Table 1 shows the results for the 38-patient hold-out test set. To evaluate the performance of the proposed method, it was compared with a fully-supervised method for all the training data (331 patients: 264 training, 67 validation) which gives a performance ceiling, a fully-supervised baseline (72 patients: 5 training, 67 validation) and a semi-supervised pseudo-labelling baseline method inspired by Lee (2013) [Dong-HyunLee2013] (331 patients: 264 training (5 labelled, 259 unlabelled, 67 validation). The proposed method used the same setup as the pseudo-label-based semi-supervised method, with the addition of the superpixel region refinement algorithm applied to the pseudo-labels after every update step. We report three different metrics to evaluate the segmentation quality: Dice (DSC), 95% Hausdorff Distance (HD-95) and the mean Intersection-over-Union (mIoU). The best results in Table 1 are highlighted in bold. In general, Table 1 shows that our proposed method achieves a consistent improvement in performance across the three metrics compared to the baseline methods. We report DSC=0.824 and DSC=0.707, HD-95=14.295 and HD-95=14.735, mIoU=0.722 and mIoU=0.621 for the WT and TC regions respectively, when trained on only 5 labelled patients and 259 unlabelled patients. Fig.  4 shows the refinement of the pseudo-label for patient 224 in the training set. Fig.  4 (c) clearly shows that the superpixel refinement has improved the inferred pseudo-label shown in Fig.  4 (b) and is now closer to the ground truth label shown in Fig.  4 (d).

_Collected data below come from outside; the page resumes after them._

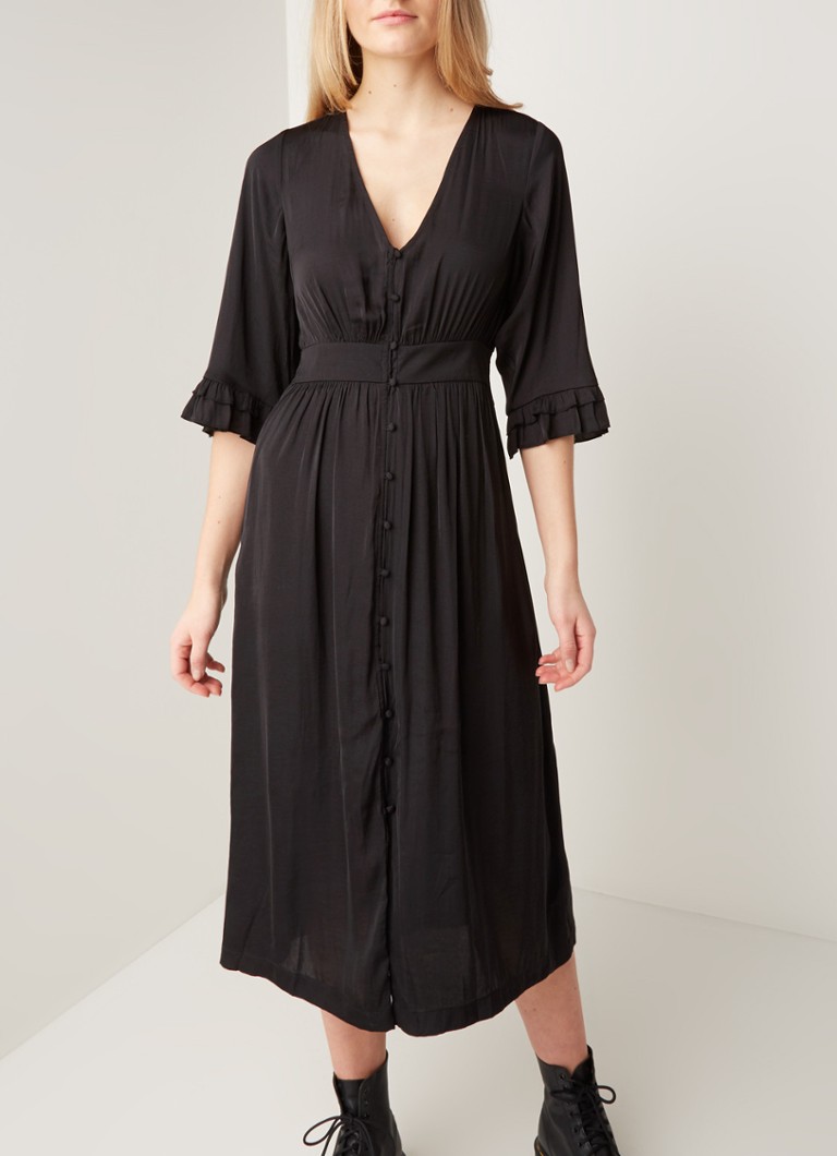 Scotch Soda Midi Jurk Met V Hals En Ruches Zwart De Bijenkorf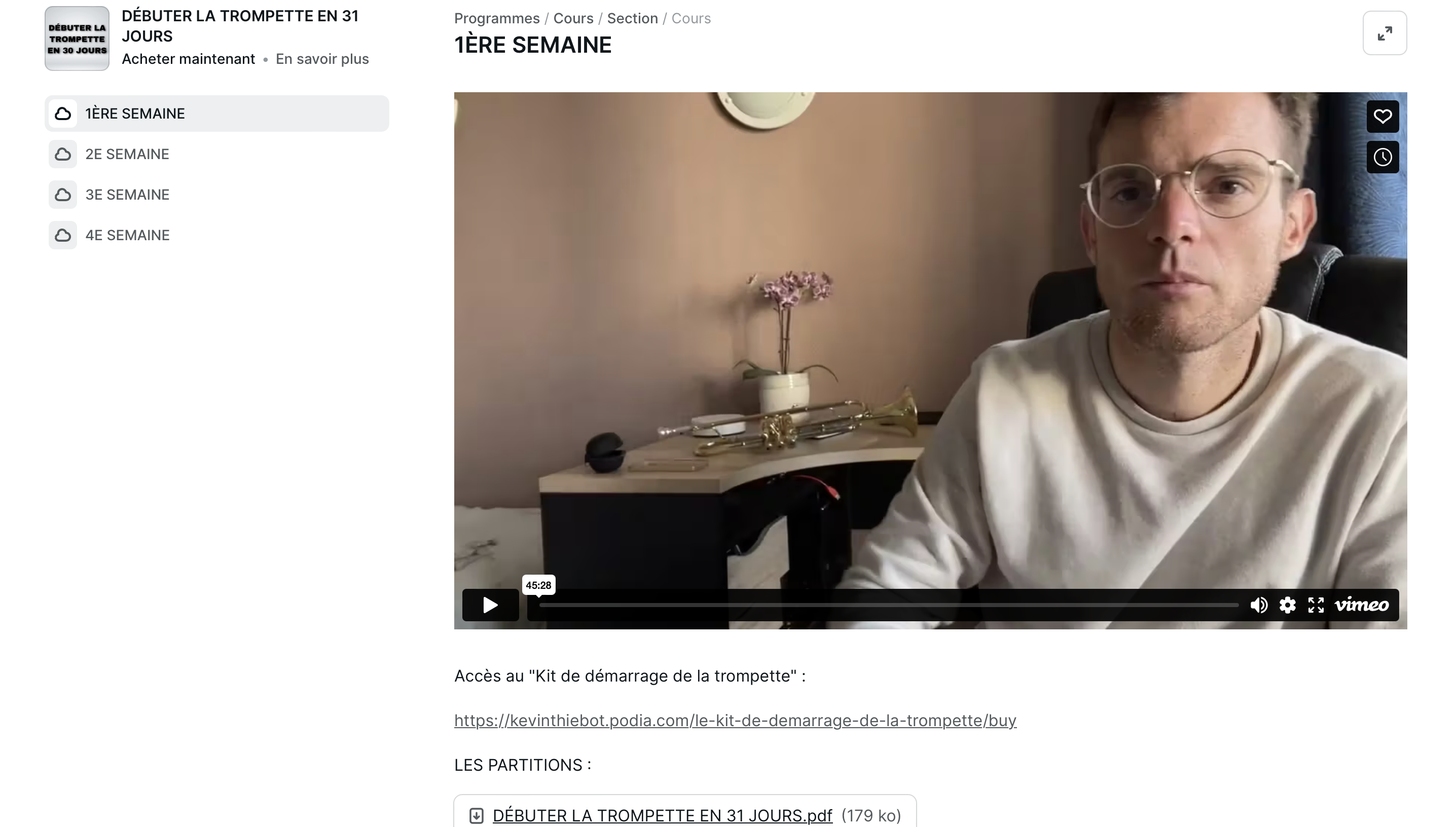 J’ai donc créé pour vous le cours “DÉBUTER LA TROMPETTE EN 31 JOURS : Je vous accompagne pendant 4 semaines pour vous apprendre les bases de la trompette”.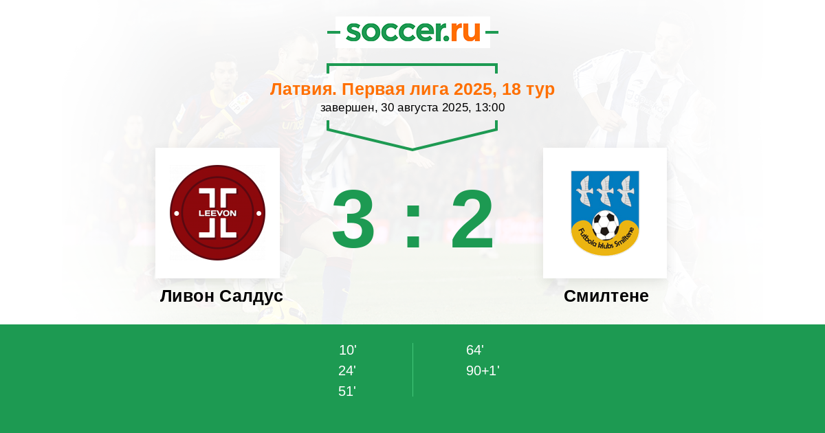 Ливон Салдус - Смилтене: обзор матча 30 августа 2025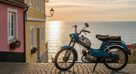 A vintage scooter stands alone on a misty cobblestone street, bathed in soft sunlight as dawn breaks through the fog. The scene evokes tranquility and nostalgia.

These results demonstrate the ability of the proposed method, in particular the use of information from multiple modalities, in merging visually non-homogeneous superpixels which belong to the same semantic region, thus overcoming a problem known as “semantic gap”. Further, this method is able to deal with the irregular shapes typical of pathology, such as brain tumours, something superpixels are well suited for. In general, we show that refined pseudo labels result in a better trained model. Given the promising initial results reported in Table 1, we plan, in future work, to vary the number of labelled patients as well as apply our method to some other medical imaging datasets to determine its robustness.

5 Conclusions

This work investigated the problem of inaccurate pseudo-labels in semi-supervised learning. To overcome this, a simple 3D superpixel region growing algorithm has been developed which refines the pseudo-labels as an update step during training. The results show that, by utilising the features and edges predefined by superpixels, the pseudo-labels, and consequently training, can be improved as shown by the stated performance boost. Although this method has been demonstrated for the task of brain tumour segmentation in MRI, this proof of concept demonstrates the robustness of the proposed method to objects with varying topology and low contrast, which is of use to a wide variety of problems in the medical imaging domain. Furthermore, this method may be used to determine the level of supervision required in future biomedical projects, thus alleviating the annotator burden.

6 Compliance With Ethical Standards

This research study was conducted retrospectively using human subject data made available in open access by the BraTS 2020 challenge. Ethical approval was not required as confirmed by the license attached with the open access data.